Today's KNOWLEDGE Share : Marie Curie-The Nobel prize in 1911

Today's KNOWLEDGE Share

Marie Curie, née Skłodowska-The Nobel prize in 1911


Marie Curie was a physicist and chemist who became the first woman to win a Nobel prize. Along with her husband Pierre, she discovered two elements: polonium and radium. She also carried out pioneering research into radioactivity.


Born Maria Skłodowska in Warsaw on 7 November 1867, Marie moved to Paris in 1891 to study physics, chemistry and maths at the University of Paris, where she earned two degrees, supporting herself through her studies by tutoring in the evenings. There she met Pierre Curie, who worked at the university, and they married in 1895. The couple set up a joint laboratory in a basement, building their own equipment for their experiments. At the time no one knew about the effects of radioactivity on the body, so they handled the elements they used in their research without any of the precautions or protective clothing we would use today. Marie even kept vials of what she was working on in her pockets or her desk drawers. More than 100 years after their discoveries, the couple’s notebooks are still so radioactive they have to be kept in lead-lined boxes and handled only while wearing protective clothing.


1898 was a busy year for the couple. Marie had been investigating the unusual properties of pitchblende, a black mineral that is rich in uranium. Two years earlier Henri Becquerel had discovered that uranium salts gave off rays that could penetrate objects in a similar way to the newly discovered X rays, but Marie had noticed that pitchblende gave off much more of what she later called radioactivity than would be expected if uranium alone was to blame.
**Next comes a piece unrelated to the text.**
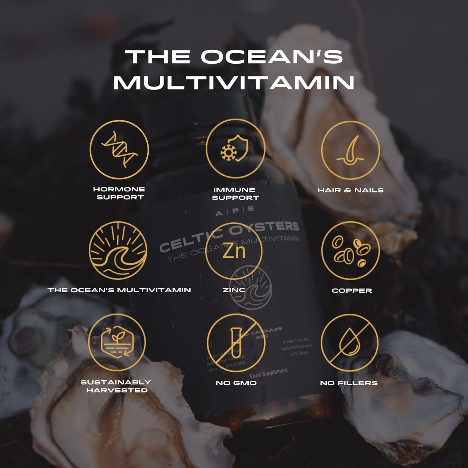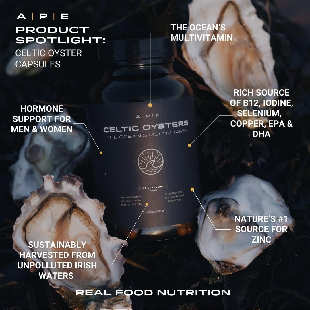 Ape Nutrition Celtic Oyster Capsules - Copper Zinc Iodine Selenium B12, Dha & Epa, Natural Multivitamin, Ancestral Supplement Uk, Sustainably Harvested, Oyster Extract, 300Mg Capsules

Excited by Marie’s work, Pierre stopped his own research into crystals to help her grind down tonnes of the mineral in search of an answer. That July, the couple announced the discovery of the element polonium, which they named after Marie’s native Poland. But it still didn’t explain all of the radiation seen in pitchblende. Then, on 26 December, they announced the discovery of a second new element: radium. It took Marie another 12 years before she could isolate pure metal radium from pitchblende and definitively prove its existence.


The couple’s work on radioactivity won them a share of the Nobel prize in physics in 1903, alongside Becquerel, making Marie the first woman to win a Nobel prize. It almost didn’t happen – the Nobel committee wanted to honour only Pierre and Becquerel, but Pierre, alerted in advance, complained and Marie’s name was added. She also won the Nobel prize in chemistry, in 1911, for the discovery of radium and polonium, and the isolation of radium. With this she became the first person to win two Nobel prizes. She is still the only person to have won two Nobels in two different scientific fields.